Как и утром, Анджело направился на улицу Дам, почти пустынную в это время. Луиджи шел следом.
Наконец они остановились против травяной лавки Анжель Бернье.
— Вот дом, — проговорил Пароли, протянув руку.
При свете газового фонаря Луиджи прочел номер.
— Сто десять, — проговорил он. — Ошибиться невозможно. На каком этаже та квартира?
— На первом.
— Выходит на улицу?
— Да.
— Значит, это вот те два окошечка, над лавкой?
— Именно. Они самые и есть.
— Per Bacco! — весело воскликнул пьемонтец. — Все идет как по маслу. Можете рассчитывать: ваше дело будет сделано.
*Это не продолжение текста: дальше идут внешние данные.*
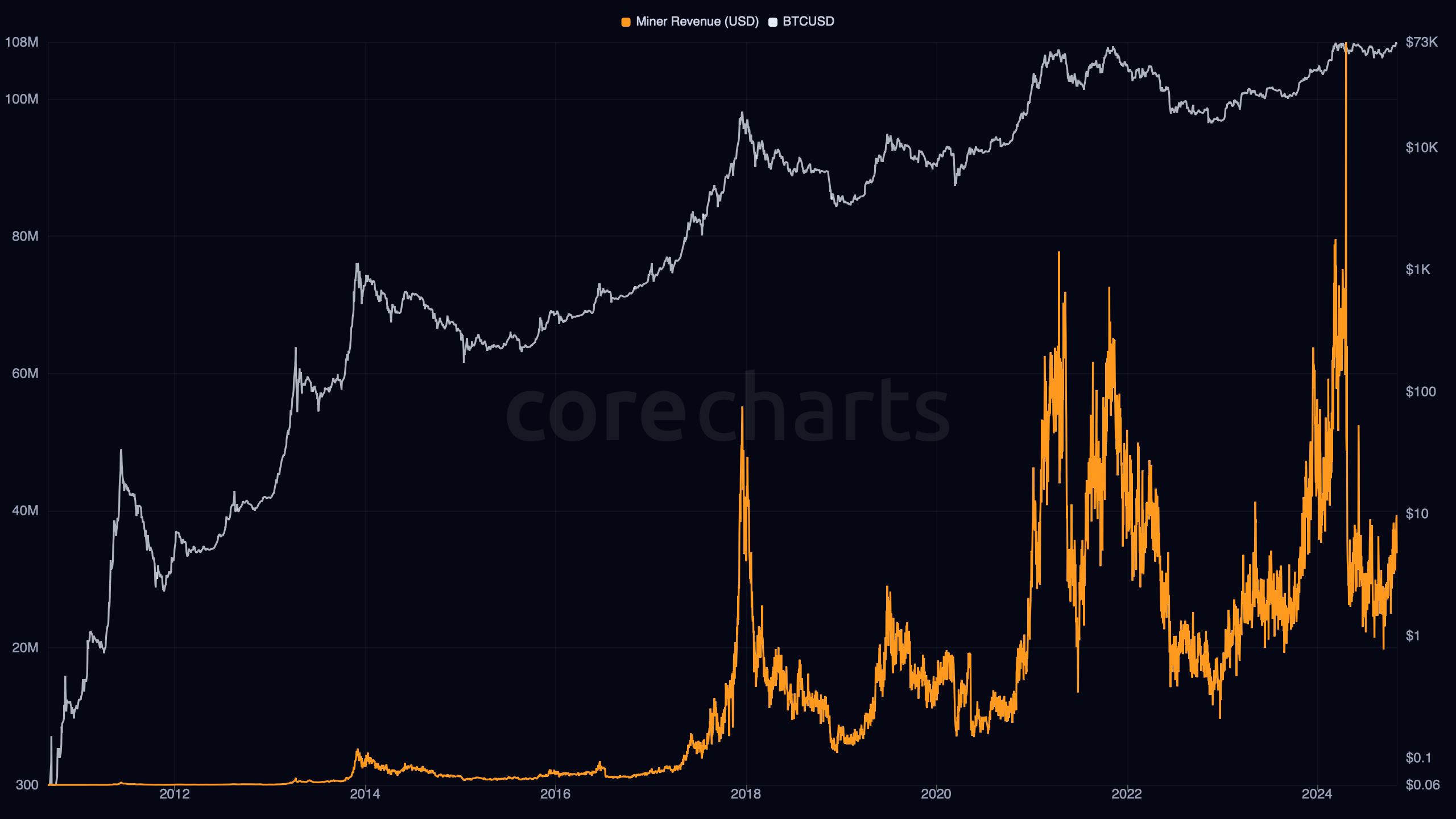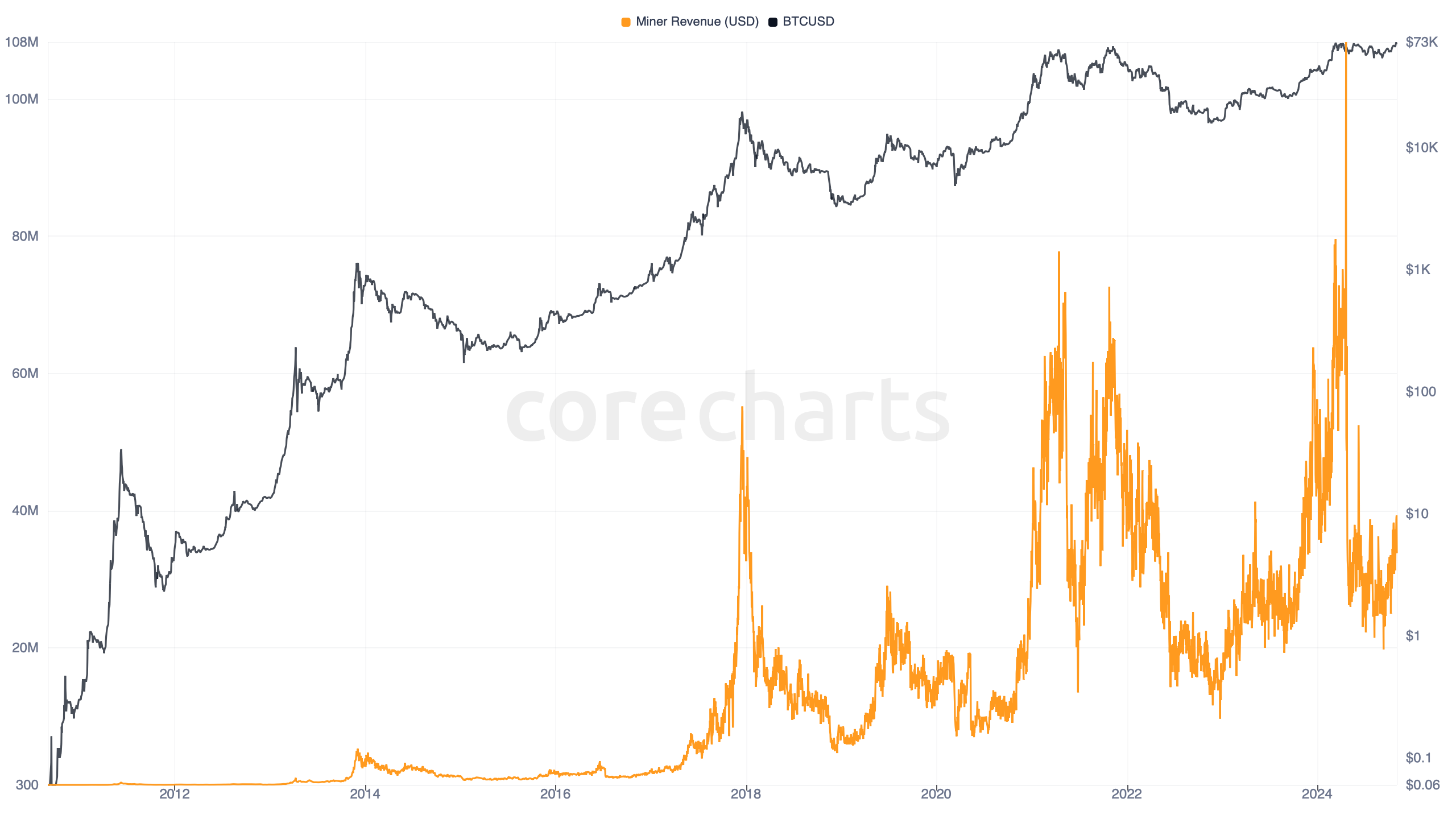 How much dollar-denominated revenue did miners earn from Bitcoin today?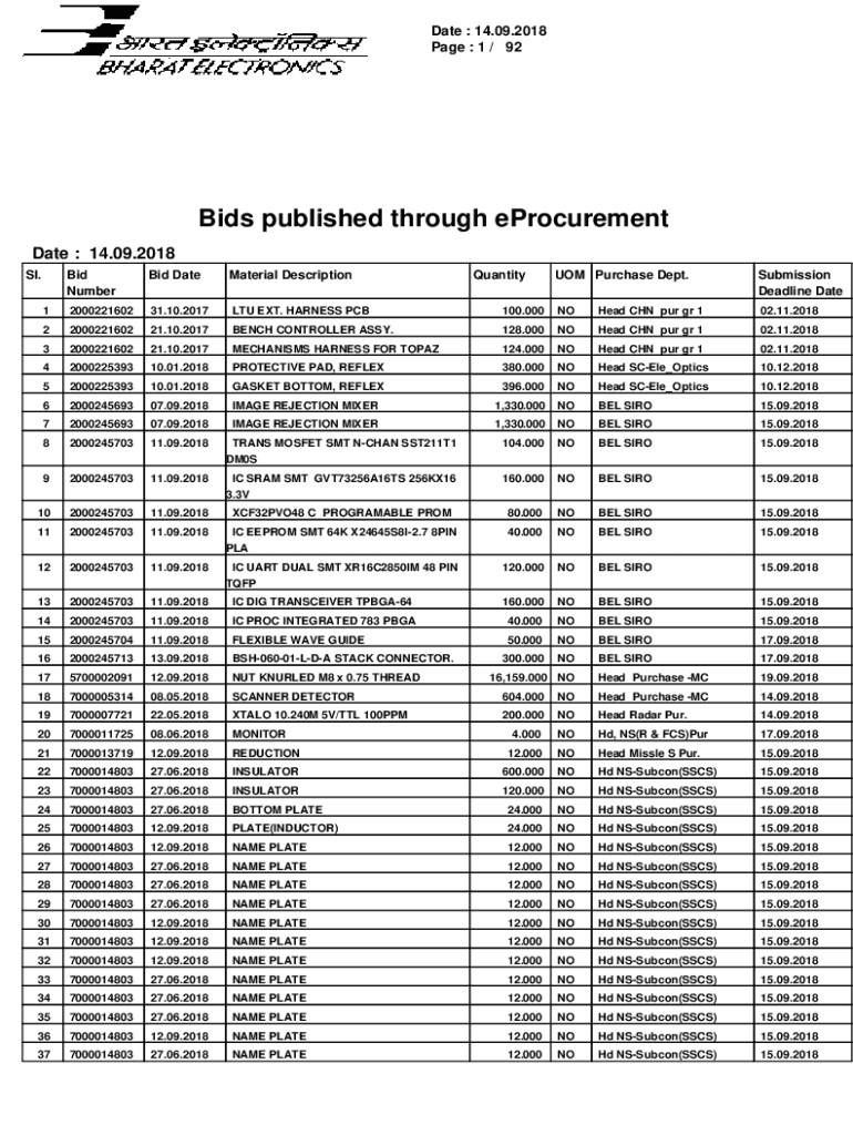 Date : 14.09.2018 Page : 1 / 92Bids published through procurement Date : 14.09.2018 SL. Bid Numbered Nanomaterial Description1200022160231.10.2017LTU EXT. HARNESS PCB2200022160221.10.2017BENCH CONTROLLER

Угостите-ка меня пивцом в этом кафе!
Луиджи указывал на то заведение, куда Пароли заходил утром.
— Нет, не здесь, — возразил Пароли. — Пойдем на улицу Клиши.
— Как вам угодно.
— Значит, ты нашел средство проникнуть в дом? — спросил Пароли.
— Да. Слишком долго объяснять, но будьте завтра в десять часов утра в кафе напротив москательной лавки, и вы увидите, как я поступлю.
— Хорошо, приду.
Разговаривавшие пришли к Клиши.
— Дайте мне сейчас же ту вещицу, — сказал оружейник, — не годится, чтобы кто-нибудь увидел вечером, как вы станете мне ее передавать.
— Вот записная книжка.
Луиджи опустил ее в карман со словами:
— А вознаграждение?
— Возьми.
И Анджело подал Луиджи пять тысячефранковых билетов. Оружейник взял деньги и, проходя мимо ярко освещенного магазина, тщательно пересчитал.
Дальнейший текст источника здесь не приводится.